## EXERCISE DETAILS
Below are some entries. Transcribe the lines from the one holding "촌카스룩 뽀글이 꽃무늬 할머니조끼" to the one holding "GMGN 数据 显示 ,在昨晚", inclusive, but not the pictures among them.

## INPUT DATA
- Opening Delimiter -

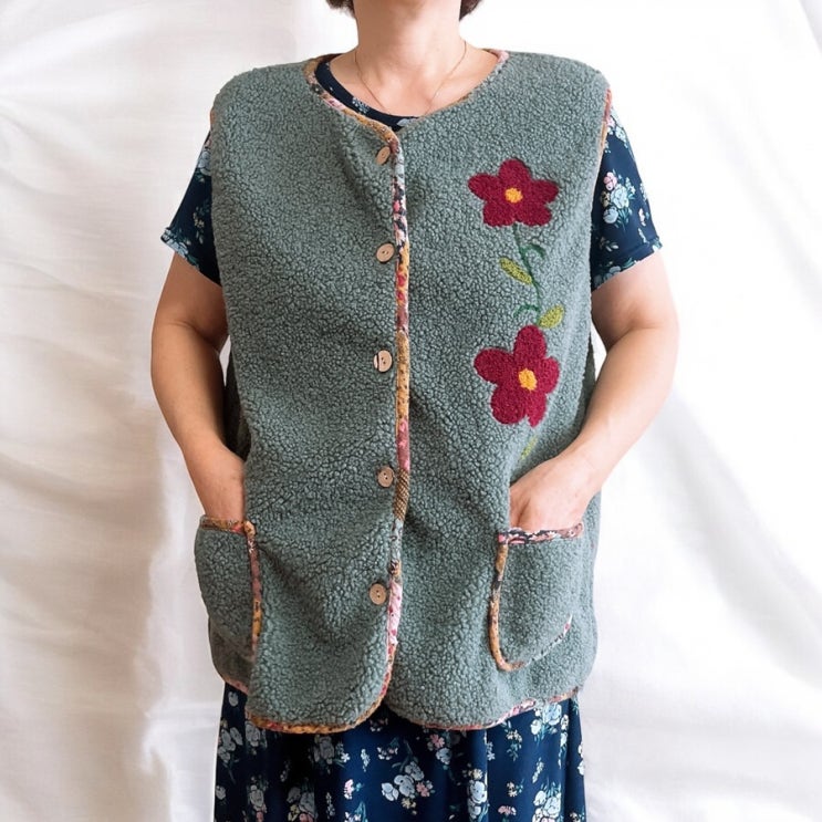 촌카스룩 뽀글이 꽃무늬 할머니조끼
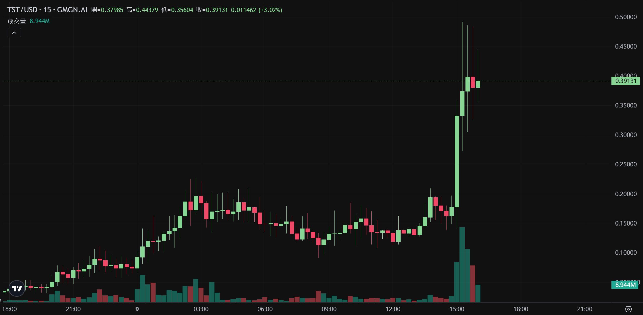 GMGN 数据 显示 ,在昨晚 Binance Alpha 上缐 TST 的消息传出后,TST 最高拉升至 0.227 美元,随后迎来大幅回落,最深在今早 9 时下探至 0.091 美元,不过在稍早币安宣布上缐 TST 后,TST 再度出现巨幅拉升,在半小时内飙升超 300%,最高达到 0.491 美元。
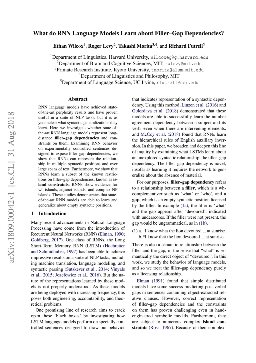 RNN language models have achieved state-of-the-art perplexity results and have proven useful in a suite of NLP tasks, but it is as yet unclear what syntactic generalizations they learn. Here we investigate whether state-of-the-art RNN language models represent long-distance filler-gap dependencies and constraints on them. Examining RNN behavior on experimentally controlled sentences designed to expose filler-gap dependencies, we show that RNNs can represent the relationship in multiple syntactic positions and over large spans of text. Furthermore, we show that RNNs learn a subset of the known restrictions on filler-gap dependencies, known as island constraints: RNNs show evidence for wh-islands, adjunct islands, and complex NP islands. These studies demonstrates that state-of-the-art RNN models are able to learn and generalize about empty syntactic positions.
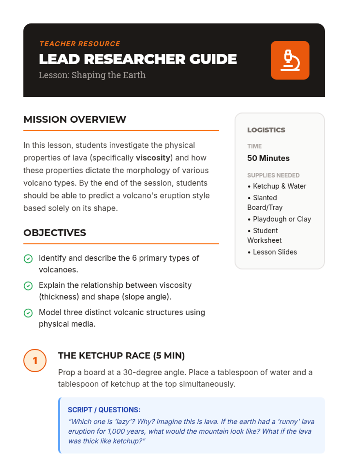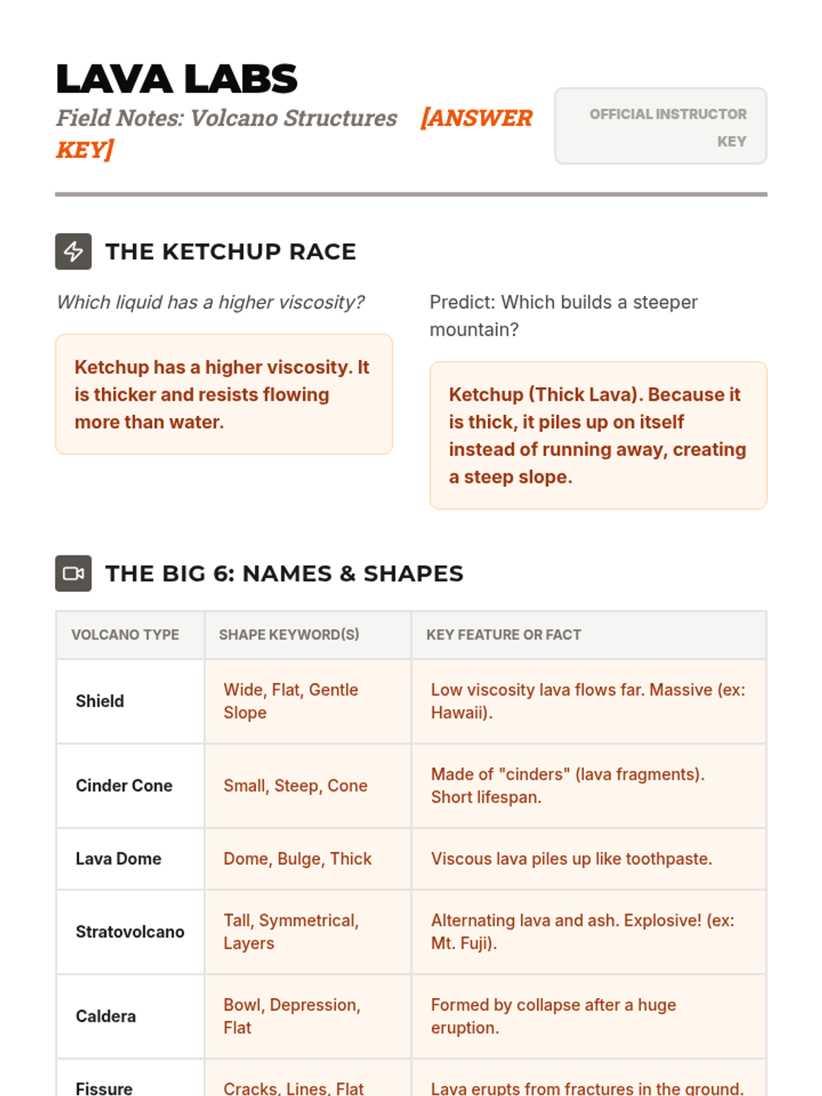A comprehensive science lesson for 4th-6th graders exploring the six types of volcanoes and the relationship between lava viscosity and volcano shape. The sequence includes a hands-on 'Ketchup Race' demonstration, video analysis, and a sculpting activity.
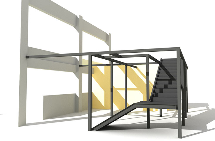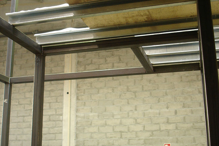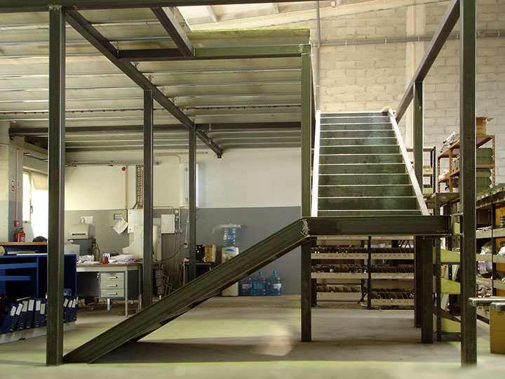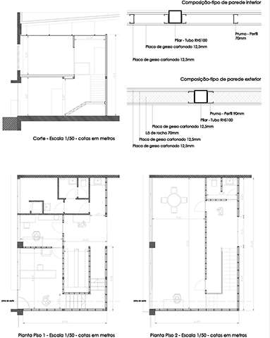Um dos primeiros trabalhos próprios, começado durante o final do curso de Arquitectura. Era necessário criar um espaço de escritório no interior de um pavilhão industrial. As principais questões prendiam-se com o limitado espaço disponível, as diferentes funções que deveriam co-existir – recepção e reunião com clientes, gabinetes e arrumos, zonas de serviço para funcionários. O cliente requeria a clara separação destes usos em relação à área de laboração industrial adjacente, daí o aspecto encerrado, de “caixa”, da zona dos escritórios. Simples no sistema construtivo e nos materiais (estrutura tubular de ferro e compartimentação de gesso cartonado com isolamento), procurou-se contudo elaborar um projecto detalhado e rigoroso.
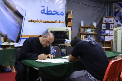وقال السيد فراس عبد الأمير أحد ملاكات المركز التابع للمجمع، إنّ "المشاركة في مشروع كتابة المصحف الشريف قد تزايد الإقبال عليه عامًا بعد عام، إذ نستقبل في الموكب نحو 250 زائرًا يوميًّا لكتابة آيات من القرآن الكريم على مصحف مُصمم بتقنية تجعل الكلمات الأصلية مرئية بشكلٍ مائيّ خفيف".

- Closing Delimiter -
- Opening Delimiter -

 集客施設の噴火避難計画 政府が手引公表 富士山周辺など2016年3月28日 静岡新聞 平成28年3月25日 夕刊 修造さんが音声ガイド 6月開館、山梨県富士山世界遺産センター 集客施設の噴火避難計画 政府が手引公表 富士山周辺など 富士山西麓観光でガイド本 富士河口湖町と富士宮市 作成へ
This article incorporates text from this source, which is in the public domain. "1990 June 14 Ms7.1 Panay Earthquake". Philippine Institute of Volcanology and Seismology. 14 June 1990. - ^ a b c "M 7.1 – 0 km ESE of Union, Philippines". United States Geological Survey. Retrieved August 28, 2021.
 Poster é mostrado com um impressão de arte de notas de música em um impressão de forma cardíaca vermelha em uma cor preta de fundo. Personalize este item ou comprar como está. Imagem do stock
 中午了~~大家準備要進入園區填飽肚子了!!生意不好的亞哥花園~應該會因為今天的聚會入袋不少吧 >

- Closing Delimiter -

## ANSWER BELOW
 촌카스룩 뽀글이 꽃무늬 할머니조끼
 GMGN 数据 显示 ,在昨晚 Binance Alpha 上缐 TST 的消息传出后,TST 最高拉升至 0.227 美元,随后迎来大幅回落,最深在今早 9 时下探至 0.091 美元,不过在稍早币安宣布上缐 TST 后,TST 再度出现巨幅拉升,在半小时内飙升超 300%,最高达到 0.491 美元。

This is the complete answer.